Scientific classification
- Kingdom: Plantae
- Clade: Tracheophytes
- Clade: Angiosperms
- Clade: Eudicots
- Clade: Rosids
- Order: Fabales
- Family: Fabaceae
- Subfamily: Caesalpinioideae
- Clade: Mimosoid clade
- Genus: Acacia
- Species: A. castanostegia
- Binomial name: Acacia castanostegia Maslin
- Synonyms: Acacia aff. pachypoda [P43] (K.R.Newbey 5820); Racosperma castanostegium (Maslin) Pedley;

= Acacia castanostegia =

- Genus: Acacia
- Species: castanostegia
- Authority: Maslin
- Synonyms: Acacia aff. pachypoda [P43] (K.R.Newbey 5820), Racosperma castanostegium (Maslin) Pedley

Species of legume

Acacia castanostegia is a species of flowering plant in the family Fabaceae and is endemic to an area in the southwest of Western Australia. It is a dense, rounded, glabrous and prickly shrub with many branches, linear phyllodes, spherical heads of cream-coloured flowers, and linear to flattened, thinly leathery to thinly crust-like pods.

==Description==
Acacia castanostegia is a dense, spreading, glabrous and prickly shrub that typically grows up to 50 cm high, 60 cm wide, has many branches and light grey bark. The branchlets are terete and have yellow ribs alternating with brown to light green and covered with a white loose surface. The phyllodes are linear, 11–29 mm long, 1.0–1.5 mm wide, straight or sometimes curved, rigid and sharply pointed. The flowers are arranged in a spherical head in axils, on a peduncle 3–4.5 mm long.
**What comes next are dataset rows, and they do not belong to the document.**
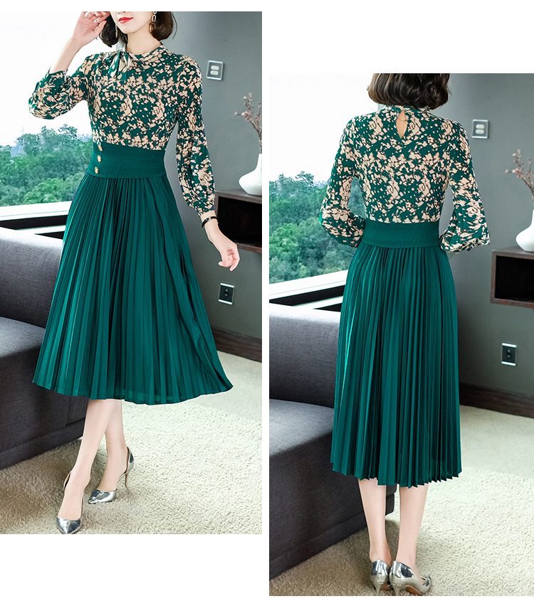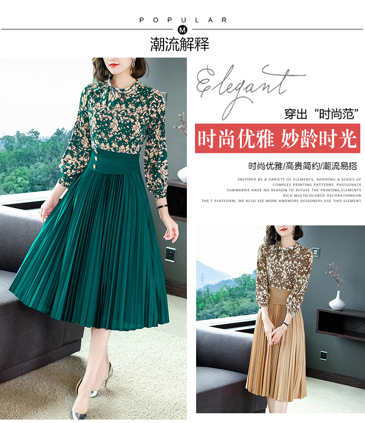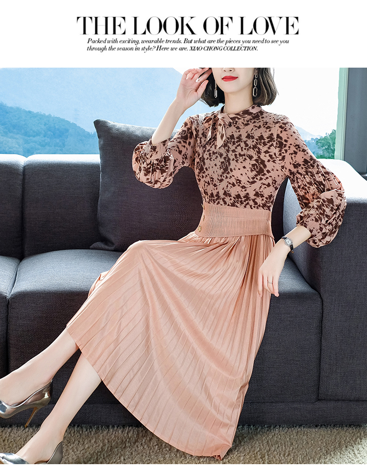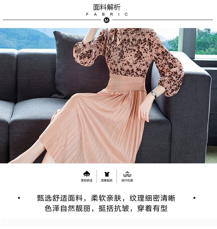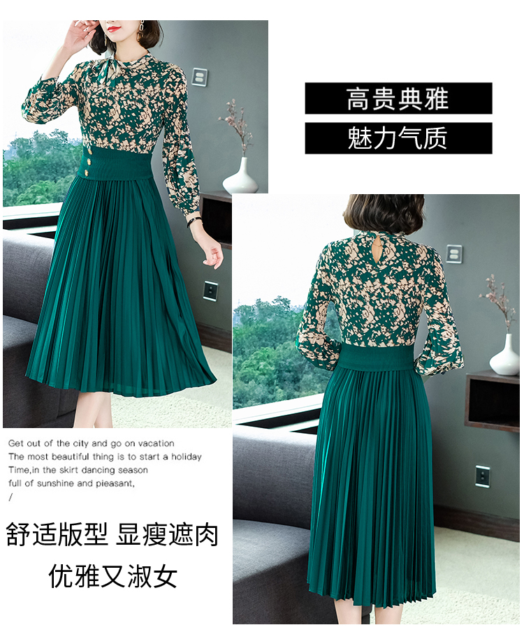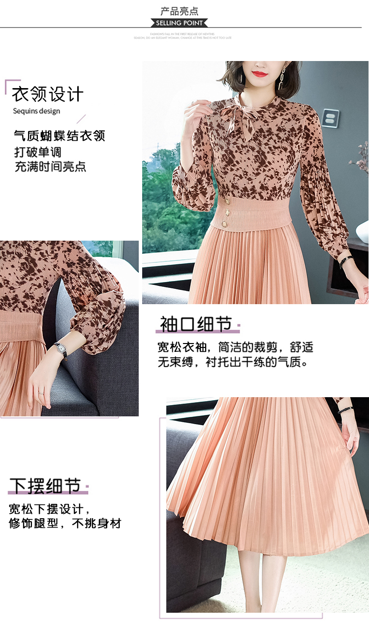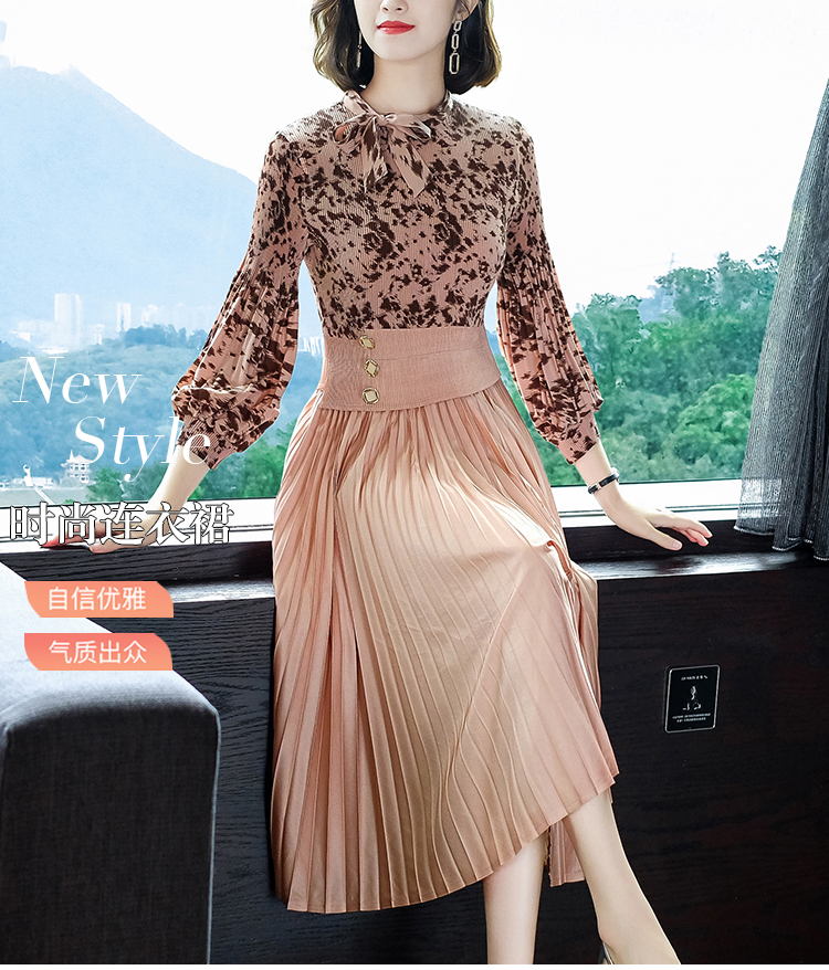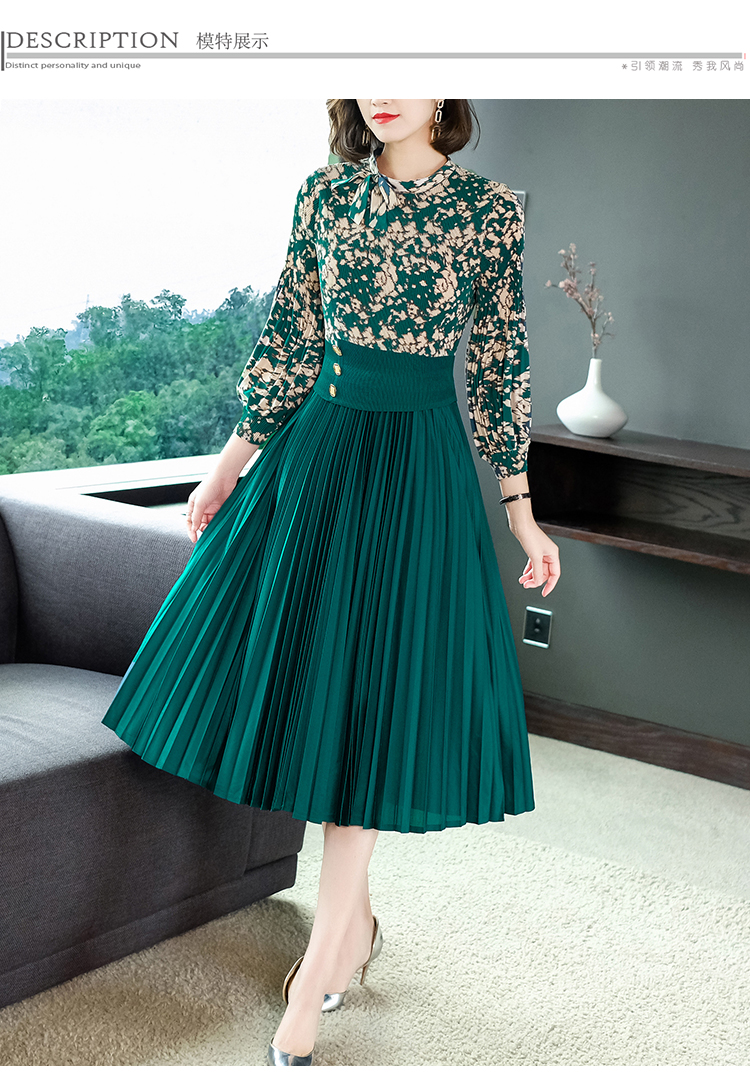 2022秋季新款时尚洋气碎花百褶修身显瘦过膝中长款褶皱连衣裙NSM2078
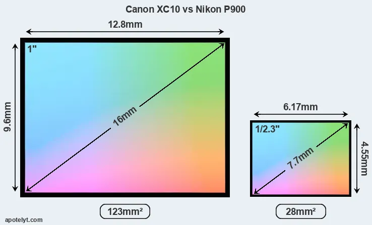 Of the two cameras under consideration, the Canon XC10 features an one-inch sensor and the Nikon P900 a 1/2.3-inch sensor. The sensor area in the P900 is 77 percent smaller. As a result of these sensor size differences, the cameras have a format factor of, respectively, 2.75 and 5.6. Both cameras feature a native aspect ratio (sensor width to sensor height) of 4:3.
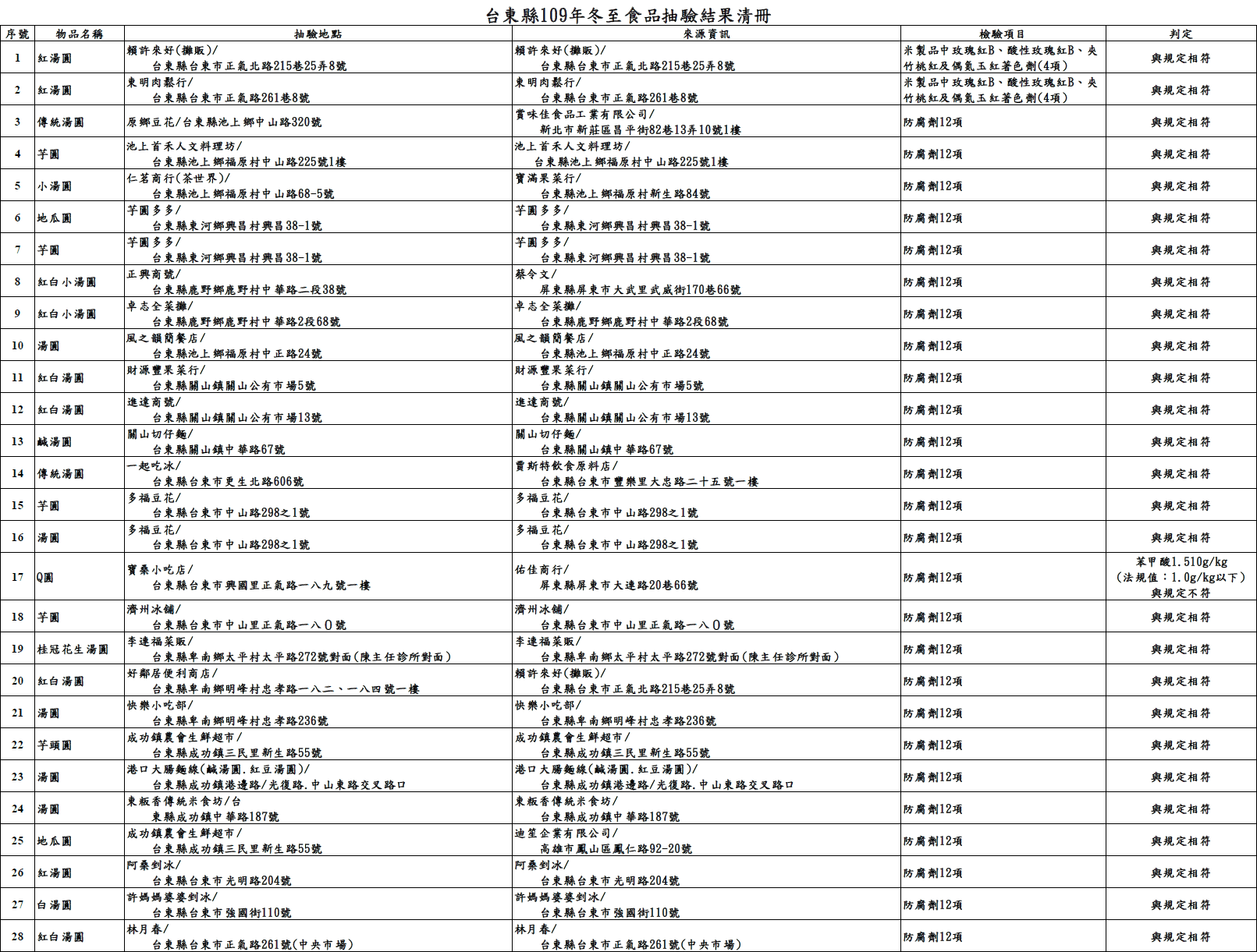 臺東縣冬至食品抽驗28件,其中1件不合格 2020-12-22 作者: iQC 冬至將至,臺東縣衛生局為維護民眾食用湯圓之衛生安全,近日針對市售湯圓類食品進行抽驗,檢驗項目為防腐劑以及規定外 … 閱讀全文
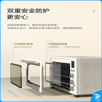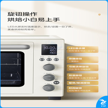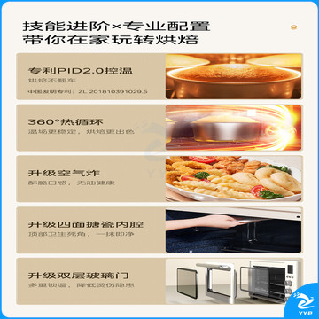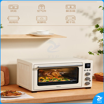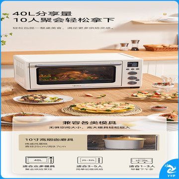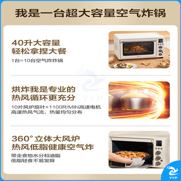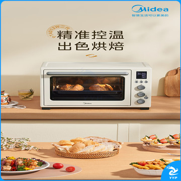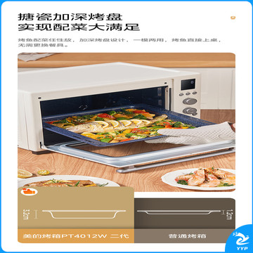 美的(Midea)家用多功能风炉电烤箱 40L大容量/四面搪瓷/热风循环/空气炸锅烤箱一体机 PT4012W二代
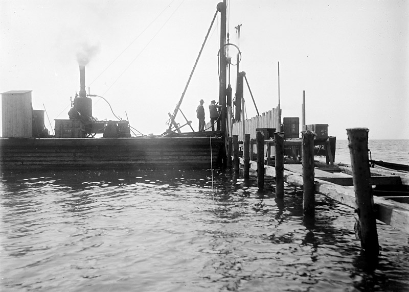 Trelleborgs hamn. Nyhamnen byggs. Pålning av spont.En ångmaskin driver hejaren.
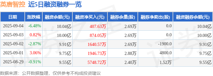 英唐智控融资融券信息显示,融资方面,当日融资买入9583.02万元,融资偿还9175.39万元,融资净买入407.63万元,连续3日净买入累计2922.25万元。融券方面,融券卖出0.0股,融券偿还0.0股,融券余量2.69万股,融券余额24.86万元。融资融券余额10.04亿元。
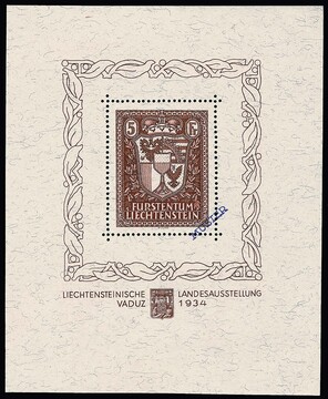 Ausstellungsblock tadellos postfrisch mit violettem Handstempel "MUSTER". Attest Eichele "ein Vielfaches seltener als der verausgabte Block"
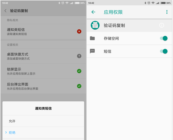 开启验证码复制器APP后是否就能直接用呢?并非如此。由于APP本身的机制,它需要读取短信等权限,有的ROM会默认禁止此类权限,所以首先要做的是到系统的应用管理菜单中,解除这APP的权限限制。
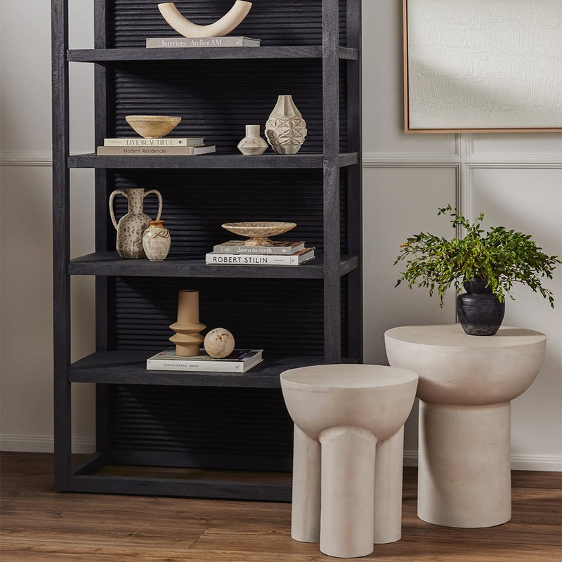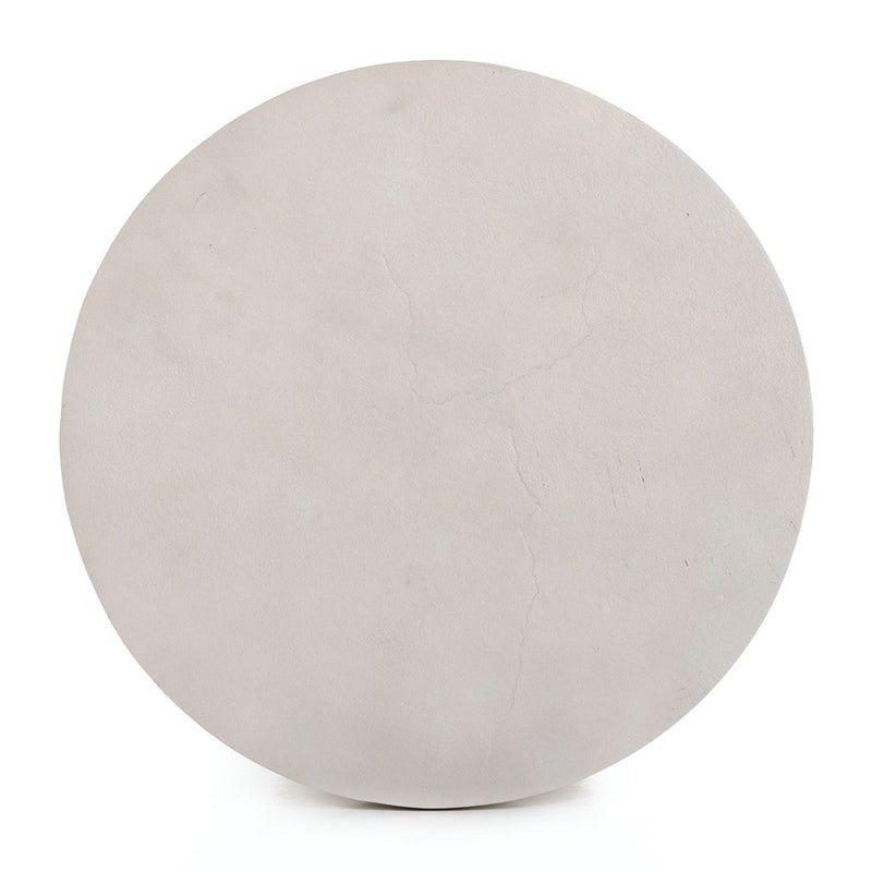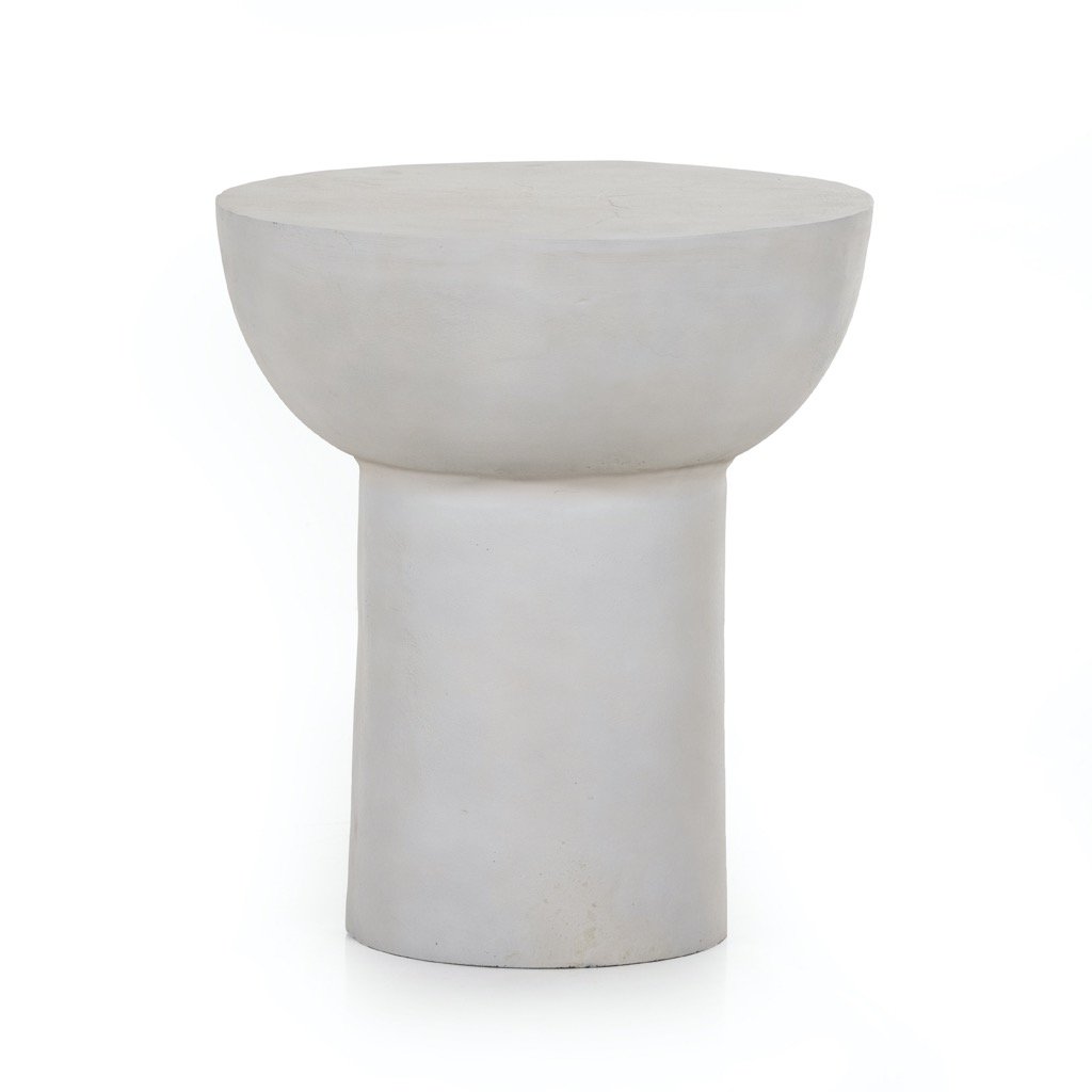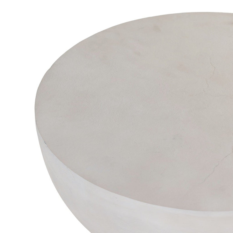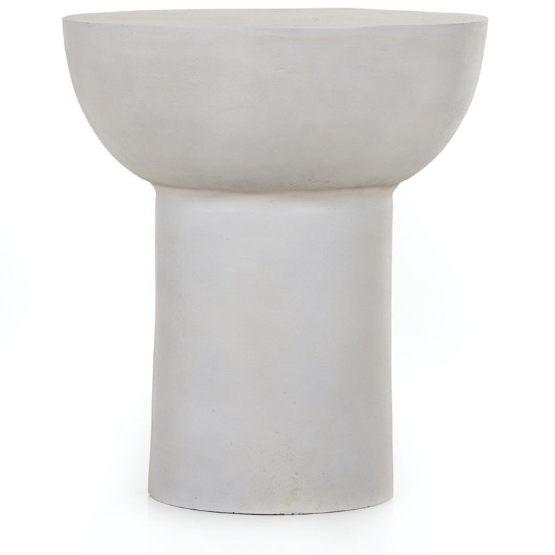 Finished in a textural matte white, a chunky aluminum end table presents the perfect place for keeping a favorite book or drink within reach. Surfaces may vary in texture and dimples, reflective of materials' organic roots.

There are conspicuous, overlapping brown bracts at the base of the heads. Each head has 6 to 8 cream-coloured flowers. Flowering occurs from June to October, and the pods are linear, round to flattened in cross section, thinly leathery to thinly crusty, dark grey-brown 30–80 mm long and 3.0–3.5 mm wide with oblong, dark brown seeds 3.0–3.5 mm wide with a creamy white, club-shaped aril.

This wattle species is closely related to Acacia pachypoda.

==Taxonomy==
Acacia castanostegia was first formally described in 1999 by Bruce Maslin in the journal Nuytsia from specimens collected 18 km north of Mount Holland and 92 km south-south-east of Southern Cross by Ken Newbey in 1979. The specific epithet (castanostegia) means 'a chestnut brown shelter or cover', referring to the conspicuous brown bracts that enclose the young heads of flowers.

==Distribution and habitat==
This species of wattle grows in sand and gravelly soils in woodland, open scrub and heath in scattered locations in the Coolgardie and Mallee bioregions of south-western Western Australia.

==Conservation status==
Acacia castanostegia is listed as "not threatened" by the Government of Western Australia Department of Biodiversity, Conservation and Attractions.